Existem, portanto, momentos propícios, nos quais o meio deve estimular a
aquisição de funções cognitivas que serão pré-requisitos para as aprendizagens escolares
(Piaget,1979). Deve-se lembrar do princípio fundamental de Piaget (1979) que coloca o
desenvolvimento normal da inteligência como uma sucessão estritamente invariável de
fases (sensório-motora, pré-operatória, operatória concreta e formal), na qual o acesso a
fase seguinte necessita da integração da fase precedente, sendo que qualquer
perturbação numa fase acarreta perturbação na seguinte.
Para Piaget (1979), os aspectos citados chamam-se possibilidades do aprender e,
analisar as dificuldades do ponto de vista da criança implica considerar o desejo de
aprender.
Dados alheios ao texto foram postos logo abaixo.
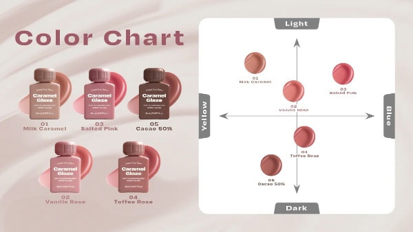 カラー:01ミルクキャラメル、02バニラローズ、03ソルティッドピンク、04トフィーローズ、05カカオ50%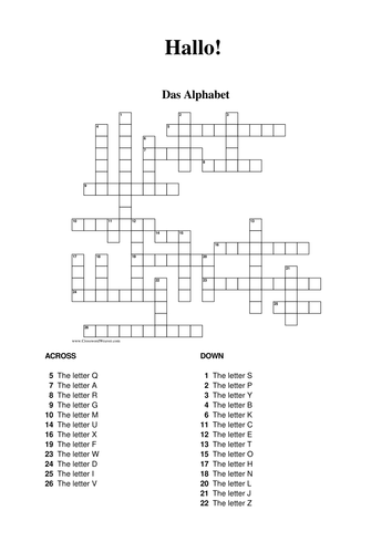 Alphabet puzzle in German crossword Teaching Resources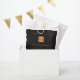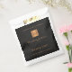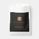 Luxury elegant black leather look thank you favor bag with a gold glitter monogrammed square and personalized name signature.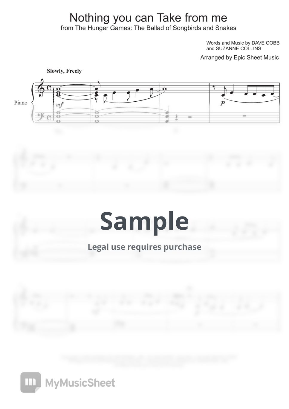 The ballad of songbirds & snakes) sheet music for piano,. Download and print nothing you can take from me (from the hunger games: Share, download and print free sheet music of nothing you can take from me rachel zegler for piano, guitar, flute and more with the world's. Here's the sheet music for nothing you can take from me by.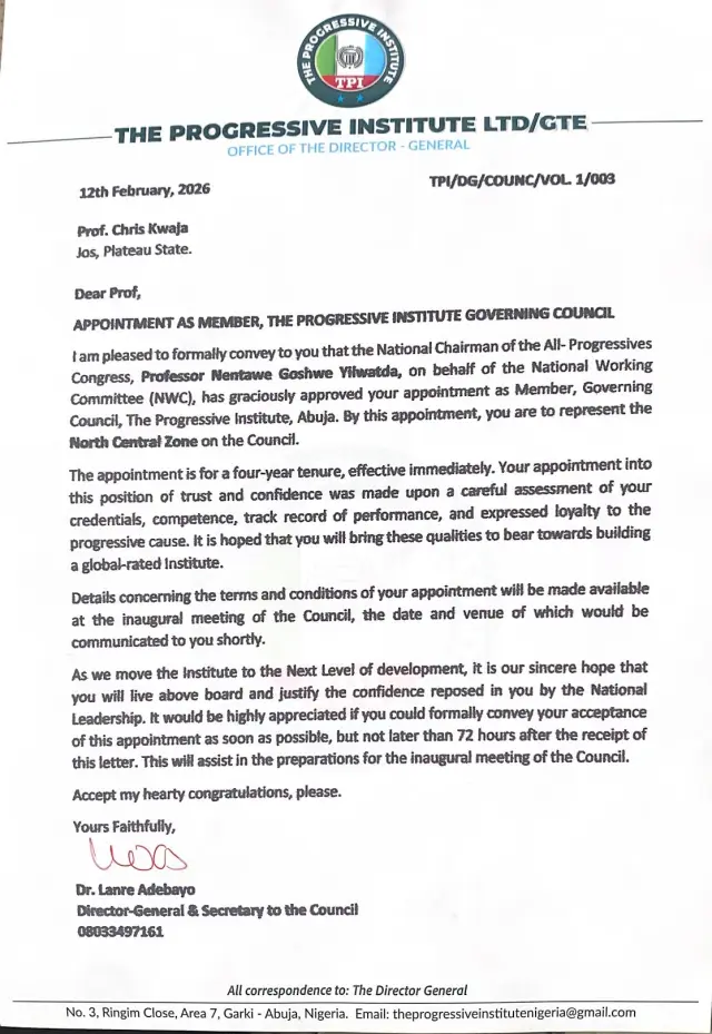 According to the letter, the decision was endorsed on behalf of the party’s National Working Committee (NWC). The Institute described the appointment as a recognition of Professor Kwaja’s “credentials, competence, track record of performance, and expressed loyalty to the progressive cause.”
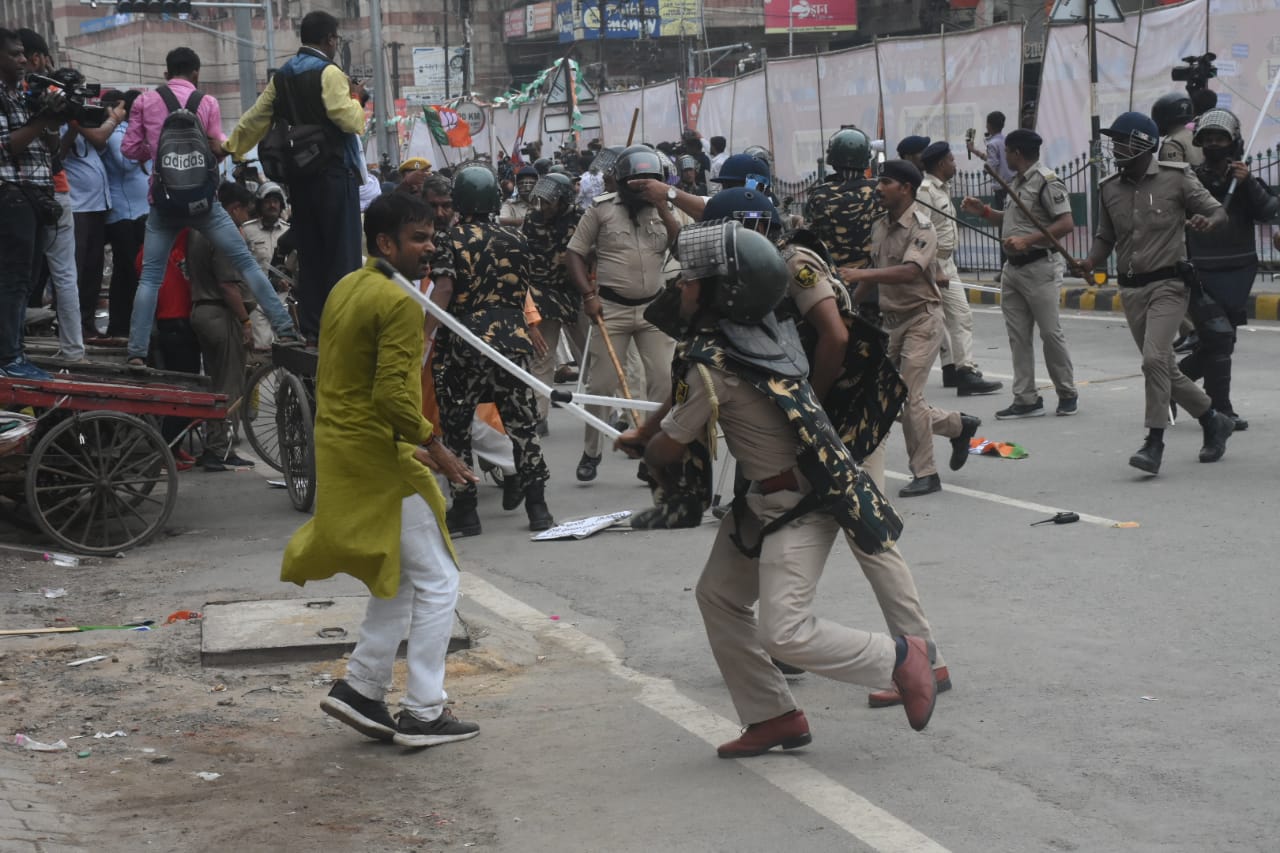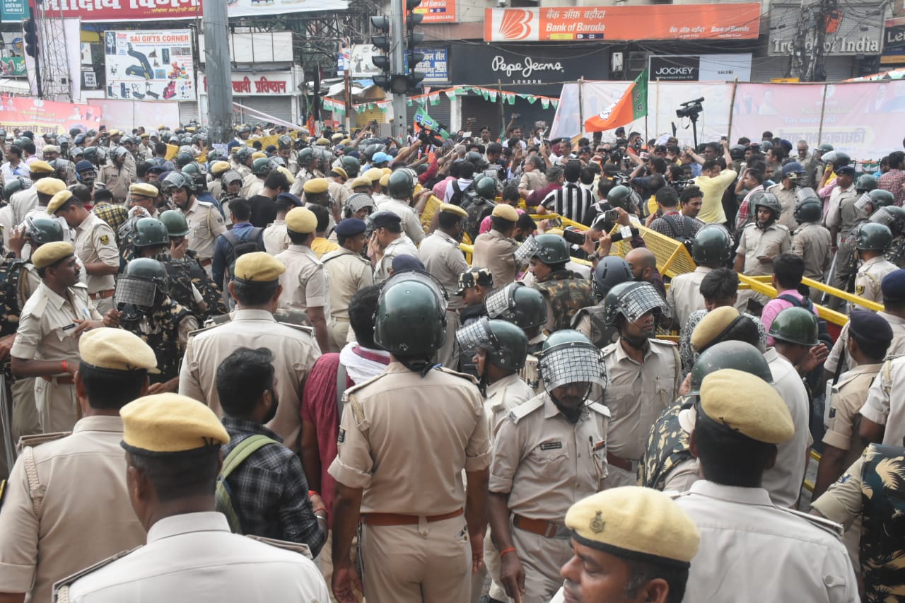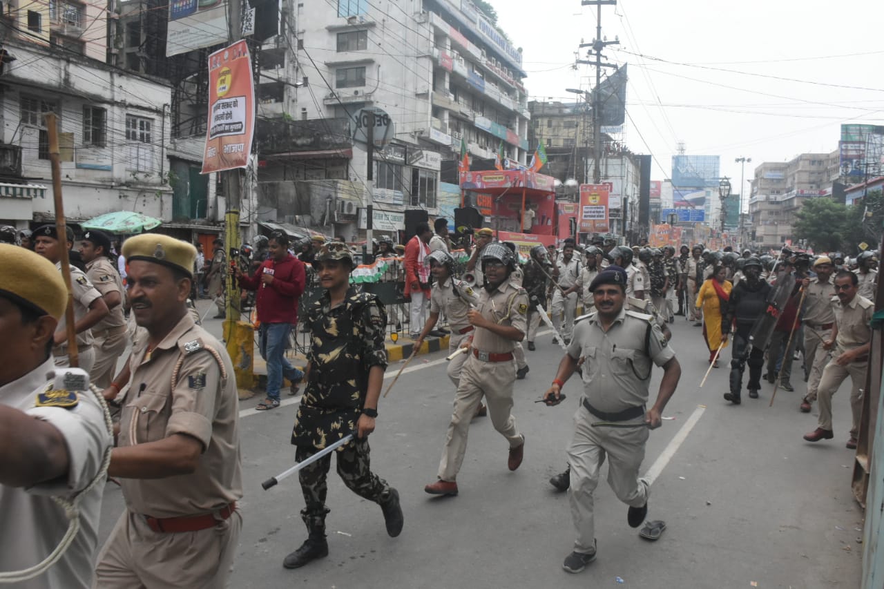 दोपहर एक बजे बाद जैसे ही मार्च में शामिल भाजपा नेता गांधी मैदान से विधानसभा की ओर बढ़े, वैसे ही डाक बंगला चौराहे के पास पुलिस ने आक्रोशित भीड़ को आगे बढ़ने से रोका और देखते ही देखते सड़क पर झड़प की स्थिति बन गई।
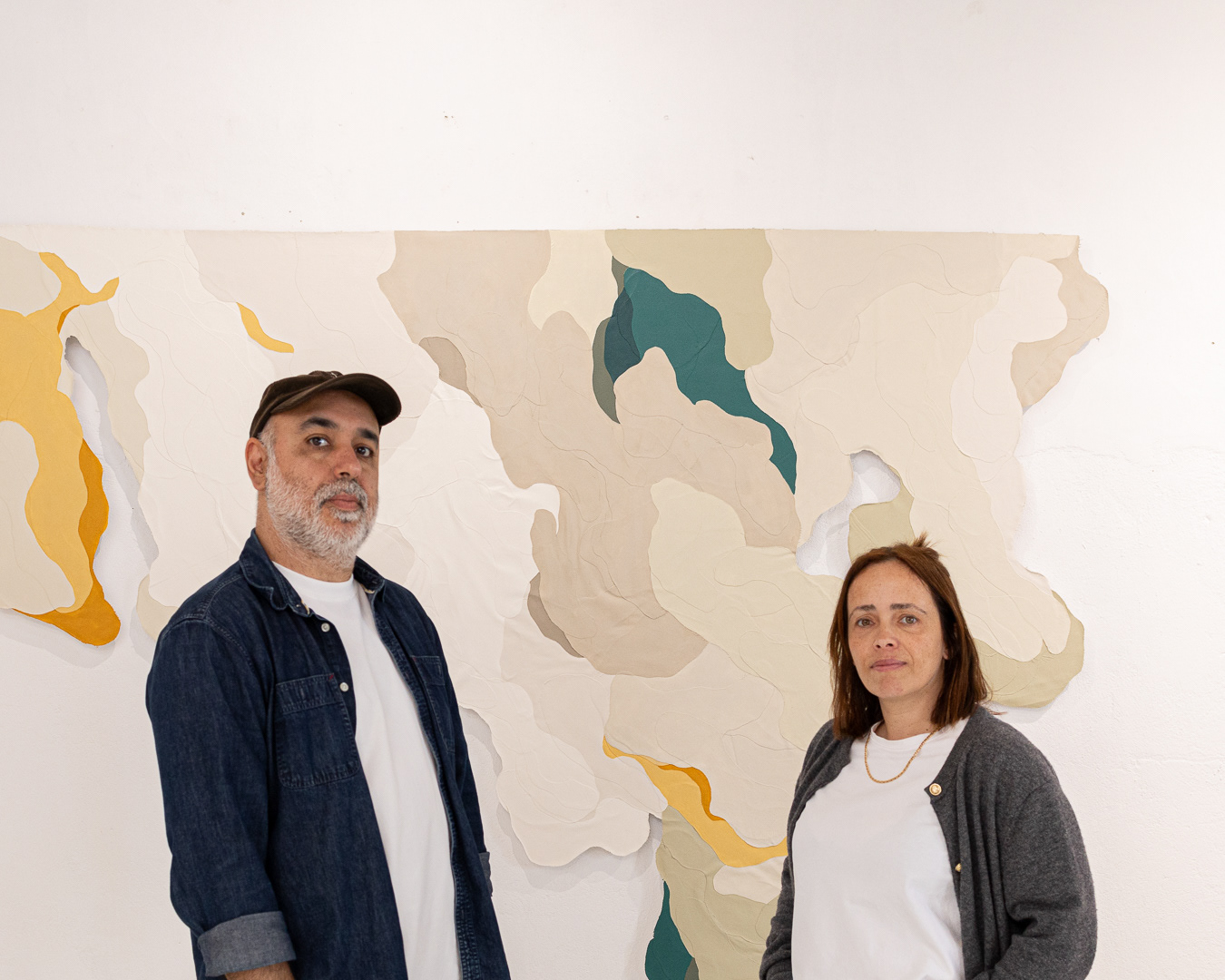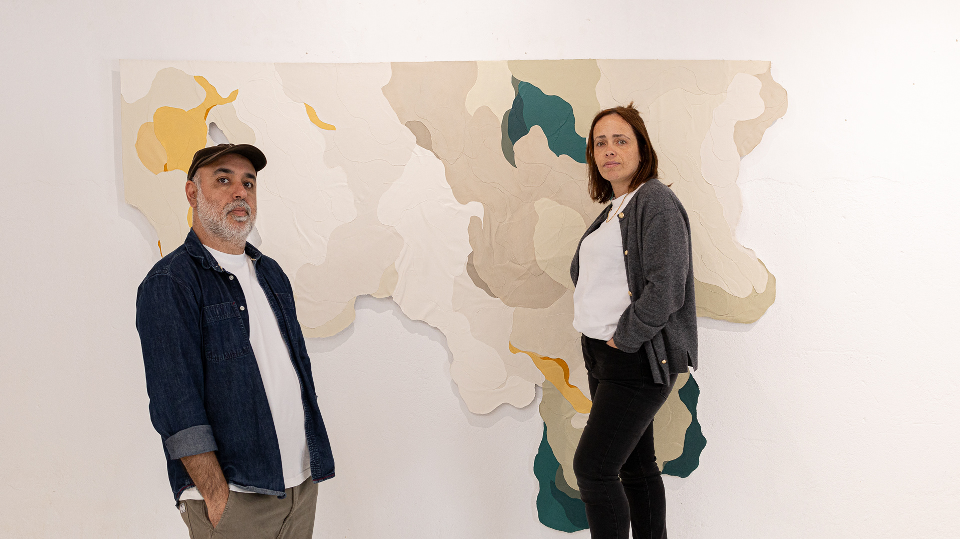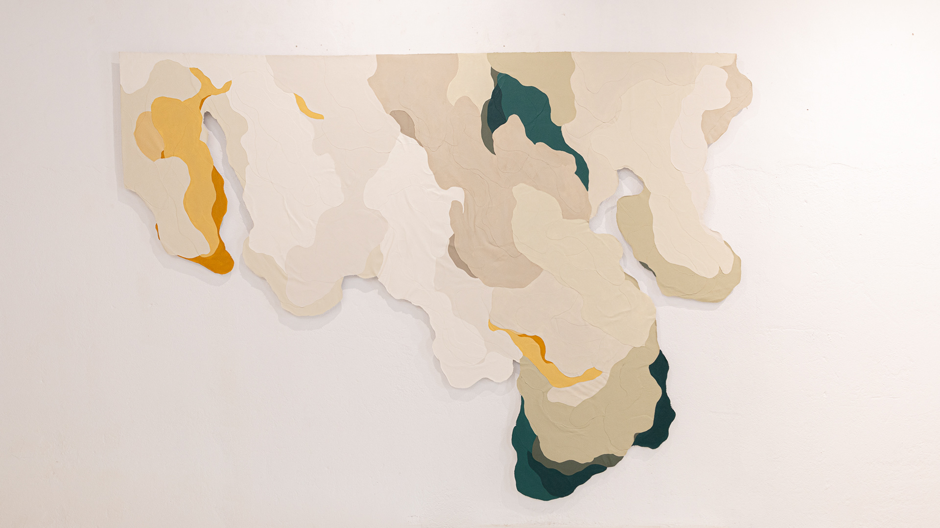 Tinta acrílica, têmpera vinílica e gesso acrílico sobre colagens de tela de algodão e estopa de linho. Montada numa estrutura de madeira.

Trata-se da energia necessária ao bom funcionamento cognitivo. Por isso, o
atendimento psicopedagógico utiliza recursos e matérias que permitem a criança
ampliar o seu mundo de experiências, exercitando a curiosidade, a atenção, o pensar, a
criatividade e o prazer na produção de forma particular e específica. No caso da DI a
ênfase na intervenção, no tratamento básico recairá, portanto, na instauração de
estratégias mais funcionais do processo de aprender.
3. DEFICIÊNCIA INTELECTUAL
Tudo que se refere à deficiência Intelectual (DI), a sua realidade, o seu
tratamento, sofreu mudanças profundas nos últimos anos quanto ao conceito, análise e
atenção prática. O que hoje entende-se como deficiência intelectual foi identificada e
conhecida no passado, mas apenas passou a ser objeto de atenção pedagógica a menos
de dois séculos.
O conceito de DI é fundamentado no déficit de inteligência, abrangendo várias
causas pré, peri e pós-natais. Entretanto, a variação da inteligência dos DI não
depende somente do seu genótipo, mas também das diferenças ambientais (DIAMENT,
2005). Na nova versão do manual de definição e classificação da American Association
on Mental Retardation (1992), DI é definida
5
A deficiência intelectual refere-se a limitações substanciais
no desenvolvimento corrente. Caracteriza-se por um
funcionamento intelectual significativamente inferior à
média, que ocorre juntamente com limitações associadas
em duas ou mais das seguintes áreas de habilidades
adaptativas possíveis: comunicação, cuidado pessoal, vida
doméstica, habilidades sociais, utilização da comunidade,
autogoverno, saúde e segurança, habilidades acadêmicas
funcionais, lazer e trabalho. (AMERICAN ASSOCIATION
ON MENTAL RETARDATION, 1992-doc. eletrônico).
Importantes conceitos comuns a diversos modelos cognitivos são aplicáveis à
DI. Para Fierro (1988), a pessoa com deficiência tem dificuldades especiais em adquirir
conhecimentos. Suas dificuldades parecem ter a ver com todos os processos cognitivos
e os parâmetros de inteligência. Fierro (1988) destaca que
1. Se a inteligência se caracteriza em termos tanto de
velocidade como de eficiência de processamento, de
aprendizagem, de aquisição de conhecimentos, isso
significa que os sujeitos com deficiência são mais lentos e
também menos eficientes em processar, em aprender. 2. Se
na eficácia de novas aprendizagens são relevantes tanto a
base e a organização de conhecimentos prévios como as
estratégias de processar e aprender, nos sujeitos com
deficiência supõe-se que há déficit não apenas nas destrezas
e nos saberes prévios, mas também nas estratégias.
(FIERRO, 1988, p.196)
Logo, nas estratégias gerais de aprendizagem, de manejo da experiência,
encontramos sem dúvida o déficit básico em que consiste a DI.
A ênfase na intervenção, no tratamento básico da DI recairá, portanto, na
instauração de estratégias mais funcionais do processo de aprender.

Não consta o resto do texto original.